# Understanding Datablocks

## Imports


In [1]:
from fastai.data.all import *
from fastai.vision.all import *

### The first step is to download and decompress our data (if it’s not already done) and get its location:



In [2]:
path = untar_data(URLs.PETS)

In [4]:
Path.BASE_PATH = path

In [5]:
path.ls()

(#2) [Path('images'),Path('annotations')]

###  The filenames are in the “images” folder. The get_image_files function helps get all the images in subfolders

In [6]:
fnames = get_image_files(path/"images")


### Let’s begin with an empty DataBlock.



In [7]:
dblock = DataBlock()

In [12]:
fnames[4]

Path('images/english_setter_6.jpg')

> #### _By itself, a DataBlock is just a blue print on how to assemble your data. It does not do anything until you pass it a source. You can choose to then convert that source into a Datasets or a DataLoaders by using the DataBlock.datasets or DataBlock.dataloaders method.

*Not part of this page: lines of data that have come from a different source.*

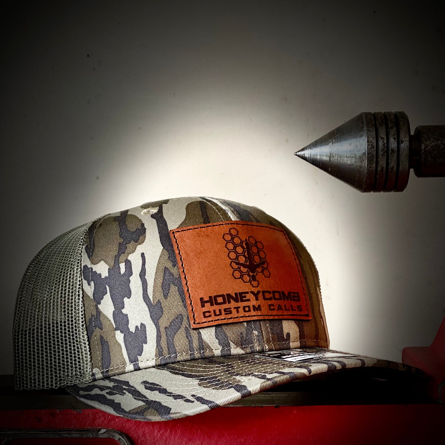 Bottomland/ Loden Richardson trucker snapback with 100% real leather patch.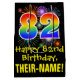This fun, colourful, and exciting birthday themed giftbag design features a large number "82" with a rainbow spectrum gradient style pattern, along with the message "Happy 82nd Birthday,", and a custom recipient name. It also has a colourful background pattern inspired by the look of bursting celebratory fireworks. A fun gift-bag like this might be used when wrapping presents being given to somebody in celebration of their eighty second birthday. [~Z0000509]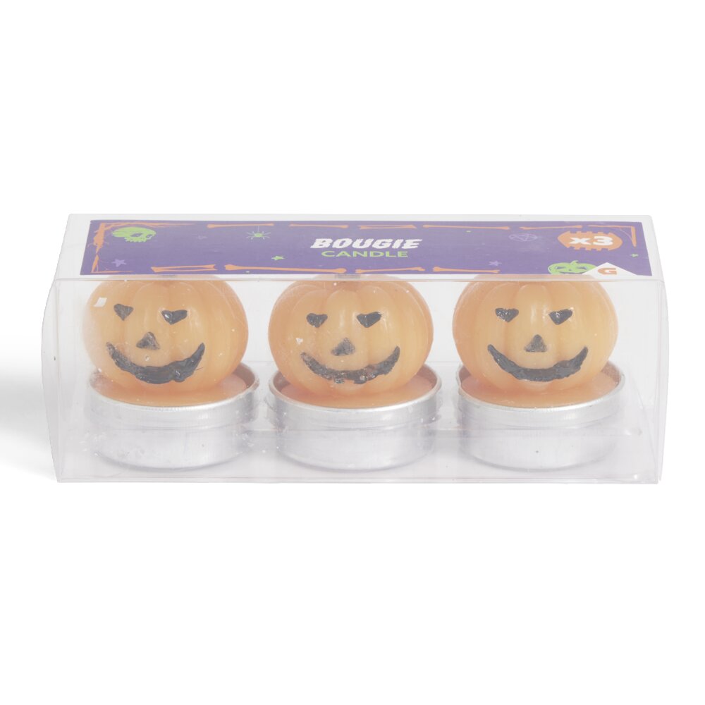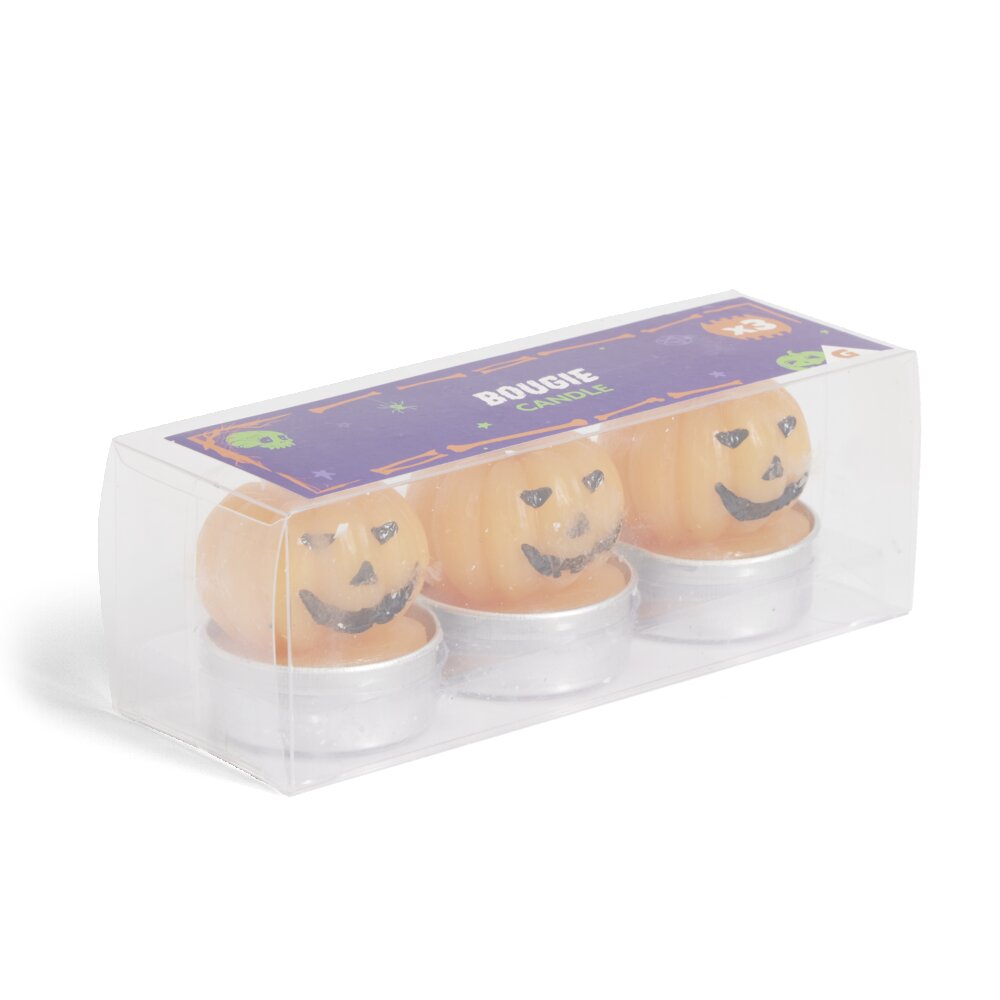 Shtoni një prekje festive dekorit tuaj të Halloween-it me këtë set prej 3 qirinjsh në formë kungulli.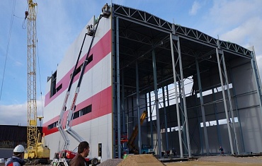 Облицовка ангара сэндвич-панелями.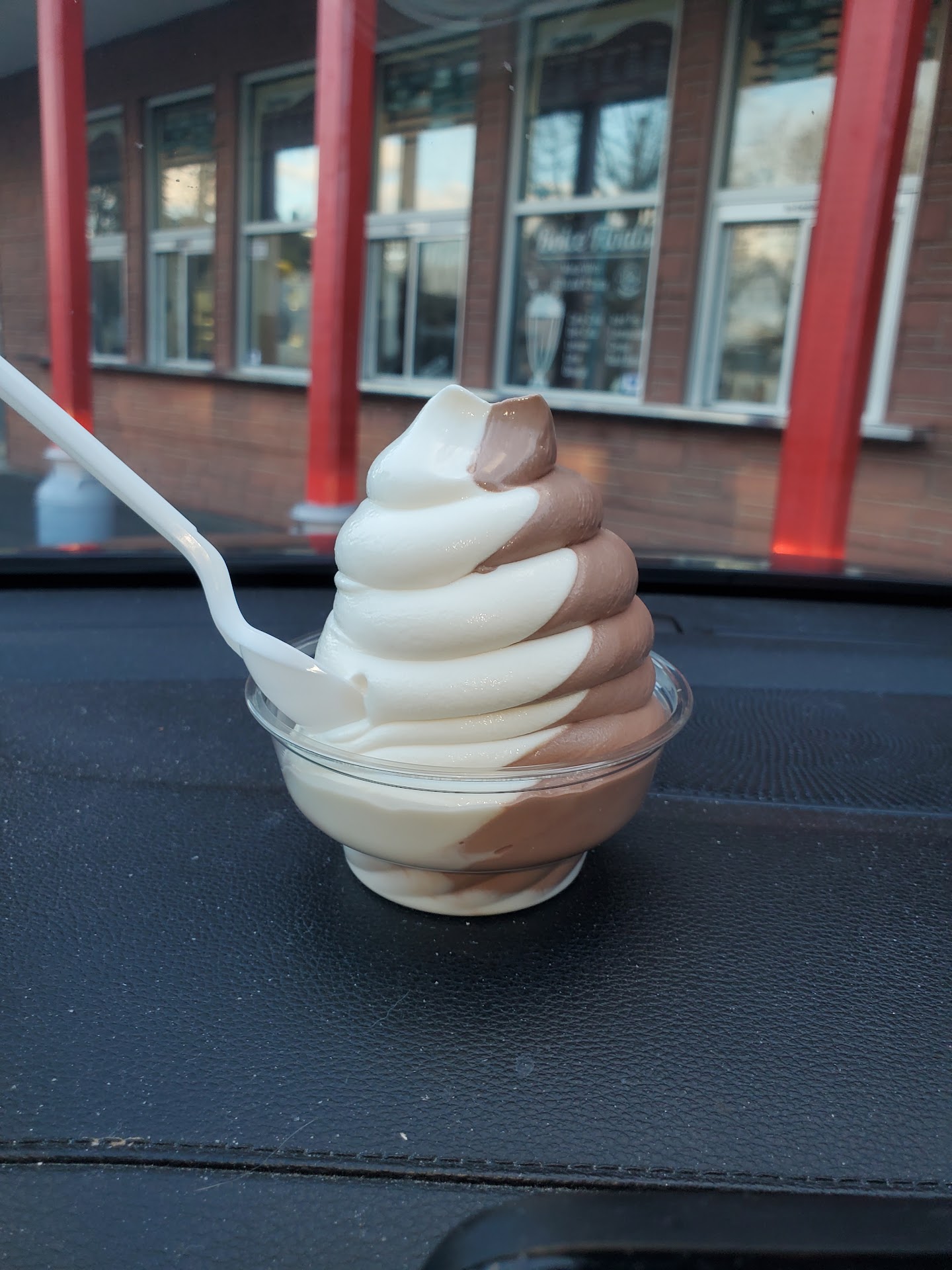 Hey guys. OK so today I decided to give this ice cream store anothertry. It has been 4 years since I was there last and I got myself of an aluminum chocolate twist to start I actually called to see if they accepted credit cards. And she said yes but there is a little bit of feed use the credit card but that's always nice to know because I don't always carry cash on me. Upon going to the store there was nobody at the window so I went inside and there were 2 lovely young ladies and they were very very helpful um I didn't ask if they had the pumpkin soft serve. She said yes and then when she went over she didn't realize that it wasn't frozen yet so I said not a big deal let me just get a vanilla and chocolate because I had to get back during my job. And I was pleasingly surprised. The ice cream that they physically make there was absolutely delicious. It was smooth creamy and I definitely taste the difference in the flavors. The atmosphere was very warm and inviting. And the young ladies were very cheerful and smiling it's always nice to see employees that are helpful and happy in their job I did not get their names but I wanna thank them so much for helping me today. The ice cream was amazing just as I remember it when I was a child.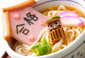 うどんの上にハムとウインナーで作った「合格祈願札」、フランクに海苔とチーズで型切りして顔を作ったダルマをトッピング。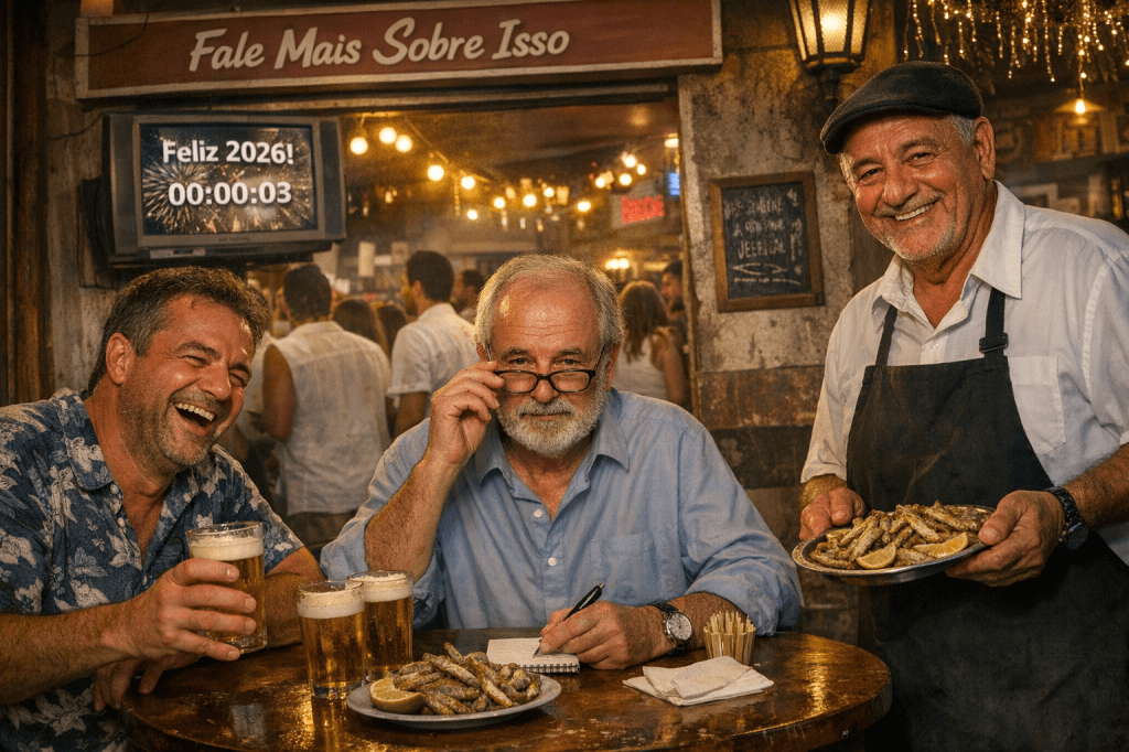 Estávamos longe dos palcos oficiais. Nada de Gil distribuindo alegria em Copacabana ou Anitta tentando explicar o Brasil em coreografias de 15 segundos. Ali, o espetáculo era o de chope com colarinho de dois dedos e um país inteiro tentando virar o ano sem virar meme internacional — ou, no mínimo, sem ser preso com passaporte falso.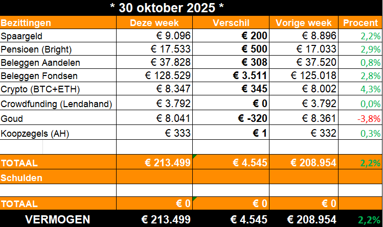 Zonder noemenswaardig veel geld gespaard te hebben deze week (200 euro naar de buffer, 500 naar de pensioenrekening en 1 knaak aan koopzegels), ben ik door de 210K gebroken, als een mes door de boter.

Since we haven’t done anything to get our data ready for batches, the dataloaders method will fail here, but we can have a look at how it gets converted in Datasets. This is where we pass the source of our data, here all our filenames_

In [13]:
dsets = dblock.datasets(fnames)
dsets.train[0]

(Path('images/beagle_182.jpg'), Path('images/beagle_182.jpg'))

In [20]:
dsets

(#7390) [(Path('images/beagle_115.jpg'), Path('images/beagle_115.jpg')),(Path('images/boxer_18.jpg'), Path('images/boxer_18.jpg')),(Path('images/Maine_Coon_157.jpg'), Path('images/Maine_Coon_157.jpg')),(Path('images/scottish_terrier_28.jpg'), Path('images/scottish_terrier_28.jpg')),(Path('images/english_setter_6.jpg'), Path('images/english_setter_6.jpg')),(Path('images/american_pit_bull_terrier_79.jpg'), Path('images/american_pit_bull_terrier_79.jpg')),(Path('images/boxer_128.jpg'), Path('images/boxer_128.jpg')),(Path('images/Persian_265.jpg'), Path('images/Persian_265.jpg')),(Path('images/Maine_Coon_182.jpg'), Path('images/Maine_Coon_182.jpg')),(Path('images/keeshond_89.jpg'), Path('images/keeshond_89.jpg'))...]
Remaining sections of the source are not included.